I am training a model using tensorflow-metal and having training deadlock issue similar to (https://developer.apple.com/forums/thread/703081).
Following is a minimum code to reproduce the problem.
import tensorflow as tf
#dev = '/cpu:0'
dev = '/gpu:0'
epochs = 1000
batch_size = 32
hidden = 128
mnist = tf.keras.datasets.mnist
train, _ = mnist.load_data()
x_train, y_train = train[0] / 255.0, train[1]
with tf.device(dev):
model = tf.keras.models.Sequential()
model.add(tf.keras.layers.Flatten())
model.add(tf.keras.layers.Dense(hidden, activation='relu'))

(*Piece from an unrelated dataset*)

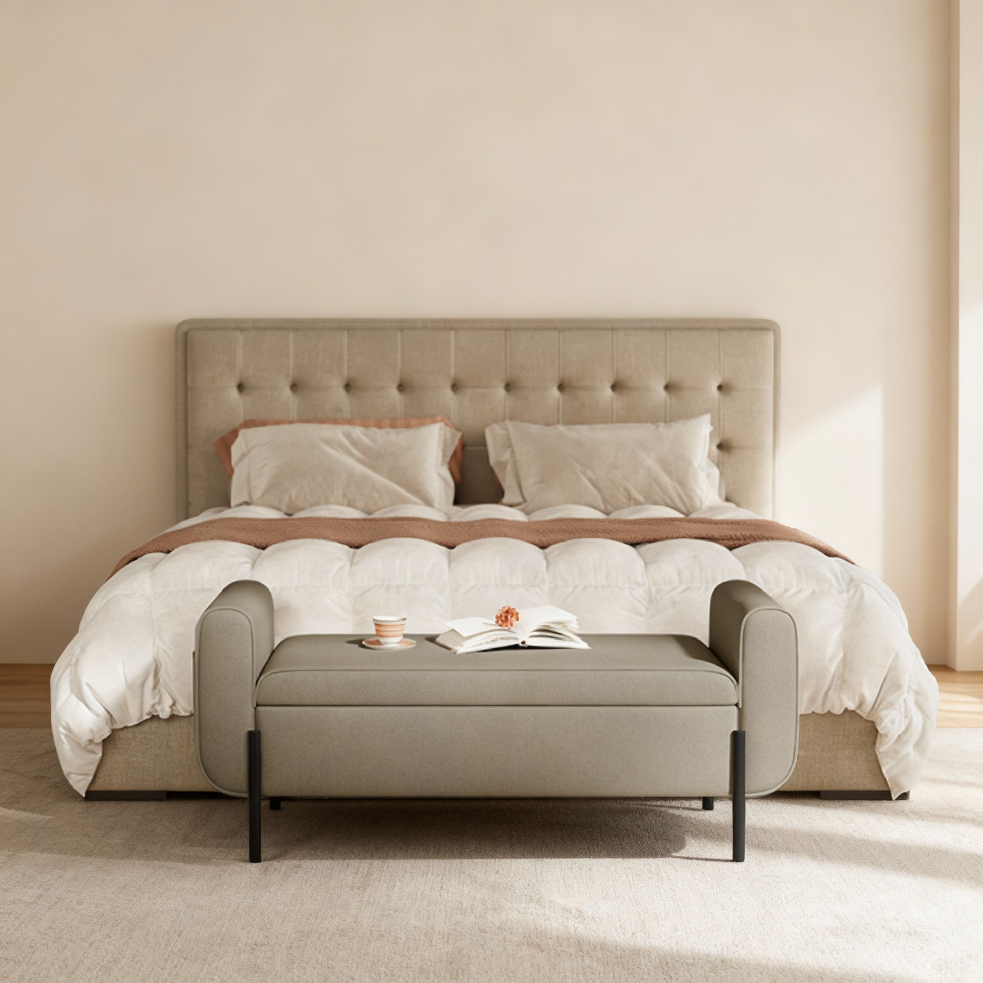 Enhance your living room, bedroom, or entryway with this stylish storage ottoman bench featuring armrests for added comfort. The bench is built on a sturdy solid wood frame with durable steel legs, supporting up to 660 lb, while the 1.6-inch high-density foam cushion covered in breathable linen-look fabric provides a resilient, comfortable seat. Under the seat lies 20 gallons of storage space perfect for blankets, pillows, or books, complemented by side pockets to keep small items organized. The gas-dampened lid ensures smooth, safe opening and closing, while the sleek modern design fits seamlessly into any home decor. Perfect as an end-of-bed seat, a cozy window nook, or a functional entryway bench, this storage ottoman combines convenience, comfort, and elegance in one.

model.add(tf.keras.layers.Dropout(0.3))
model.add(tf.keras.layers.Dense(hidden, activation='relu'))
model.add(tf.keras.layers.Dropout(0.3))
model.add(tf.keras.layers.Dense(10, activation='softmax'))

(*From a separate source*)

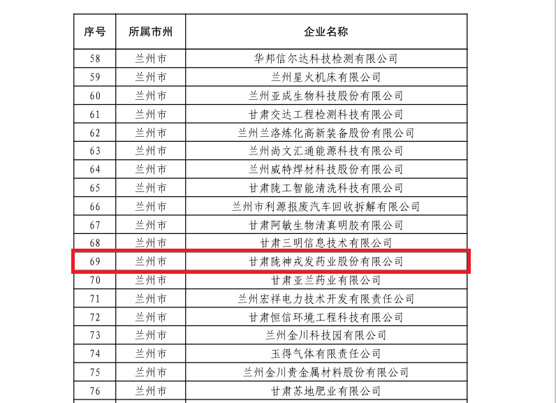 近日,甘肅省工業(yè)和信息化廳發(fā)布了關(guān)于2023年度第一批創(chuàng)新型中小企業(yè)名單,隴神戎發(fā)成功入選該名單。

model.compile(loss='sparse_categorical_crossentropy', optimizer='adam', metrics=['accuracy'])
model.fit(x_train, y_train, batch_size=batch_size, epochs=epochs)
Test configurations are:
MacBook Air M1
macOS 12.4
tensorflow-deps 2.9
tensorflow-macos 2.9.2
tensorflow-metal 0.5.0
With this configuration and above code, training stops in the middle of 27th epoch (100% as far as I have tested).
Interestingly, the problem can not be reproduced if I change any of following.
GPU to CPU
remove Dropout layers
downgrade tensorflow-metal to 0.4